Dr. Michalak studies the cycling and emissions of greenhouse gases at urban to global scales – scales directly relevant to informing climate and policy – primarily through the use of atmospheric observations. She also explores climate change impacts on freshwater and coastal water quality via influences on nutrient delivery to, and on conditions within, water bodies. Her approach is focused on the development of spatiotemporal statistical data fusion methods that optimize the use of limited in situ and satellite data.
Her core interests in water lie in disentangling anthropogenic influences on inland and coastal water quality, and especially in understanding the interplay between the impacts of local- to regional-scale actions (e.g., land use, land management) and the impacts of global action (e.g., climate change). Several factors explain the lack of understanding of the role of climate in water quality impairments, including the relative complexity of underlying processes, the mismatch in the primary spatiotemporal scales of focus between scientific communities, and the difficulty in assessing historical conditions. Dr.

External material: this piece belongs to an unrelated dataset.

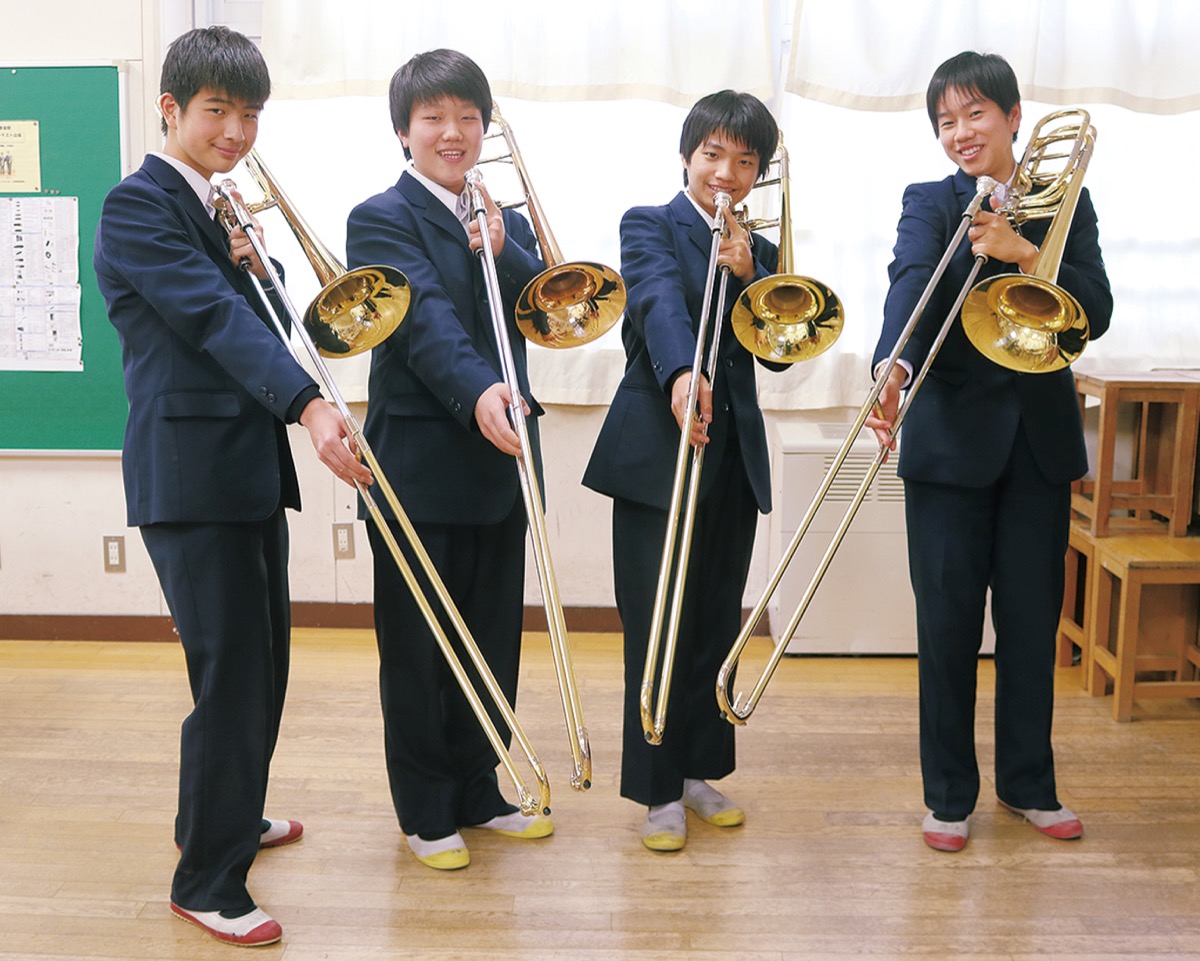 田奈中学校のトロンボーン四重奏チームが1月23日に行われた「第27回東関東アンサンブルコンテスト」中学部門に出場し、全国大会への出場権を得た。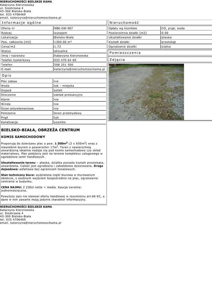 NIERUCHOMOŚCI BIELSKIE KAMA Katarzyna Kierznowska ul. Siostrzana 4 43-300 Bielsko-Biała tel. 033 4706469 email. [email protected] Informacje ogólne Nieruchomość Oferta nr NBK-GW-907 Opłaty wg liczników CO, prąd, woda Rodzaj wynajem Powierzchnia działki [m2] 0.00 Lokalizacja Bielsko-Biała Ukształtowanie działki płaska Pow. całkowita [m2] 1300.00 m² Kształt działki prostokąt Cena/m2 1.72 Ogrodzenie działki siatka Status aktualna Imię i nazwisko Katarzyna Kierznowska Telefon komórkowy 033 470 64 69 Telefon 508 251 500 E-mail [email protected] Opis Plac zabaw nie Woda tak - miejska Dojazd asfalt Otoczenie zakład produkcyjny Alarm nie Winda nie Drzwi antywłamaniowe nie Położenie teren przemysłowy Prąd tak Kanalizacja szambo BIELSKO-BIAŁA, OBRZEŻA CENTRUM KOMIS SAMOCHODOWY Proponuję do dzierżawy plac o pow. 1 300m2 (2 x 650m2) wraz z niewielkim biurem o powierzchni 17m2. Teren z nawierzchnią utwardzoną idealnie nadaje się pod komis samochodowy czy skład materiałowy. Plac położony jest na terenie kompleksu usługowego w sąsiedztwie centr handlowych. Ukształtowanie terenu – płaska, działka posiada kształt prostokąta, utwardzona. Całość jest ogrodzona i całodobowo dozorowana. Droga dojazdowa: asfaltowa bez ograniczeń tonażowych. Stan techniczny biura: wydzielona część biurowa w murowanym obiekcie, z osobnym wejściem bezpośrednio na plac, ogrzewanie: centralne w budynku. CENA NAJMU: 2 230zł netto + media. Kaucja zwrotna: jednomiesięczna. Powyższy opis nie stanowi oferty handlowej w rozumieniu art.66 KC, a dane w nim zawarte mają jedynie charakter informacyjny. NIERUCHOMOŚCI BIELSKIE KAMA Katarzyna Kierznowska ul. Siostrzana 4 43-300 Bielsko-Biała tel. 033 4706469 email. [email protected] Pomieszczenia Zdjęcia

Michalak’s research group is leveraging space-based and in situ observations to identify consistent responses across systems, characterize controls on observed water quality impairments, diagnose extreme events, and explore management implications. Overall, her work makes it possible to develop and test novel hypotheses about the role of climate and what the future may hold.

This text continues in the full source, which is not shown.